- _What needs to be done_: Set down exactly the lines from the one containing "Handicrafts made of bamboo." through the last line of the records below, both included, and nothing else.

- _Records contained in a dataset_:
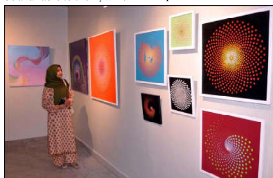
HYDERABAD: Visitors take keen interest in paintings during the 18th Degree Show (Annual Thesis Display/Exhibition) held at Shaheed Allah Bukh Soomro (SABS) University of Art, Design and Heritages in Jamshoro.
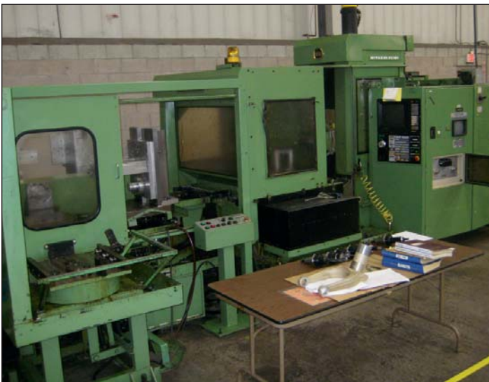
Hitachi Seiki #HC500 Horizontal Machining Center
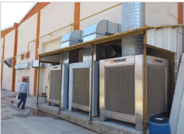
Heating, Ventilating And Air Conditioning System (HVAC)
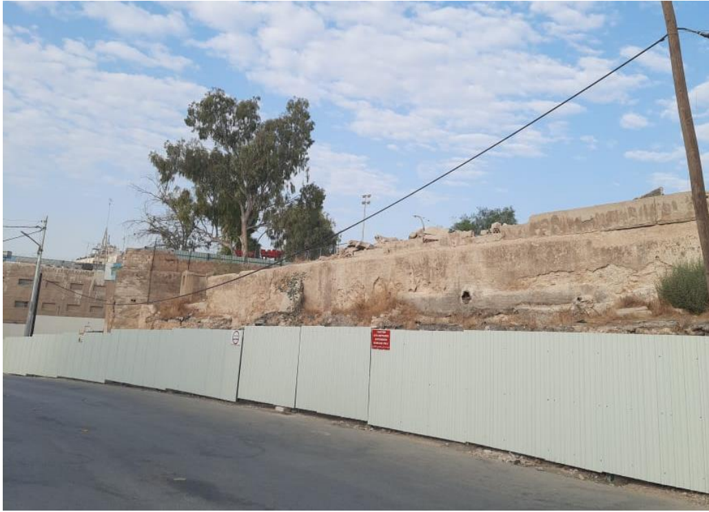
Jumana Bint Abi Taleb Basic Mixed School- Amman
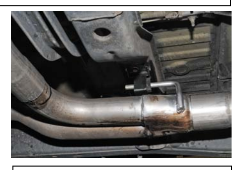
4. Install the Resonator Item #B onto the head pipe Item # A. The inlet of the resonator will have the louvers opening towards the front of the vehicle. Install extension pipe Item # J onto the resonator. Loosely tighten down.
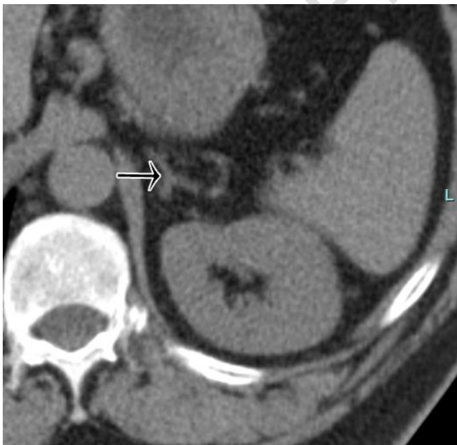
Figure 4. Abdominal CT showing the left adrenal gland in a medial and displaced position towards the interpolar region (→)
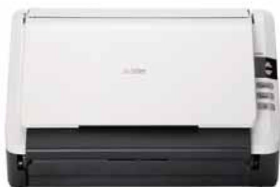
Input and output paper tray can be fold when not in use.
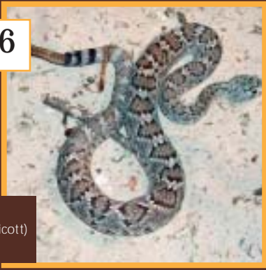
Mojave Rattlesnake Crotalus scutulatus (Kennicott) [Squamata: Viperidae]
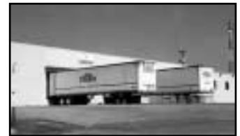
Former Show Best 2400 Magnolia Road 25,000 SF Lease - $4.10 NNN Jason Hetherington, Dawn Carson
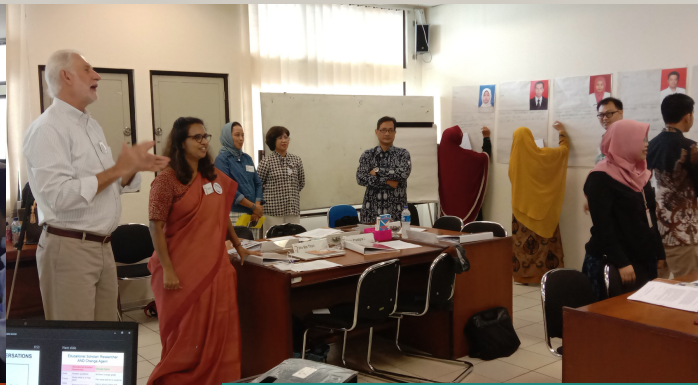
face to face meeting
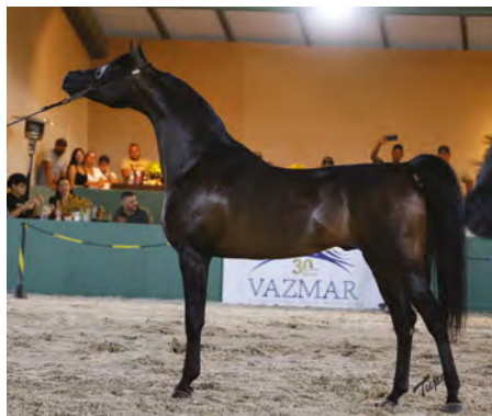
Silver Champion Stallion Vivaldi Al Shawan
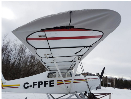
Christavia Mk 1 Wing Covers

shorter useful life if used continuously outside than the all-year use material.
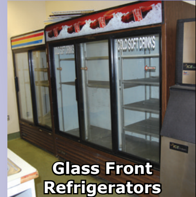
Glass Front Refrigerators
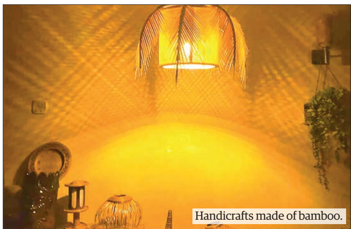
Handicrafts made of bamboo.

AS most of the domestic businesses have widely used bamboo handicrafts, market demand for bamboo is rising, according to U Kyaw Win, a bamboo expert.

- _Reply_:
Handicrafts made of bamboo.

AS most of the domestic businesses have widely used bamboo handicrafts, market demand for bamboo is rising, according to U Kyaw Win, a bamboo expert.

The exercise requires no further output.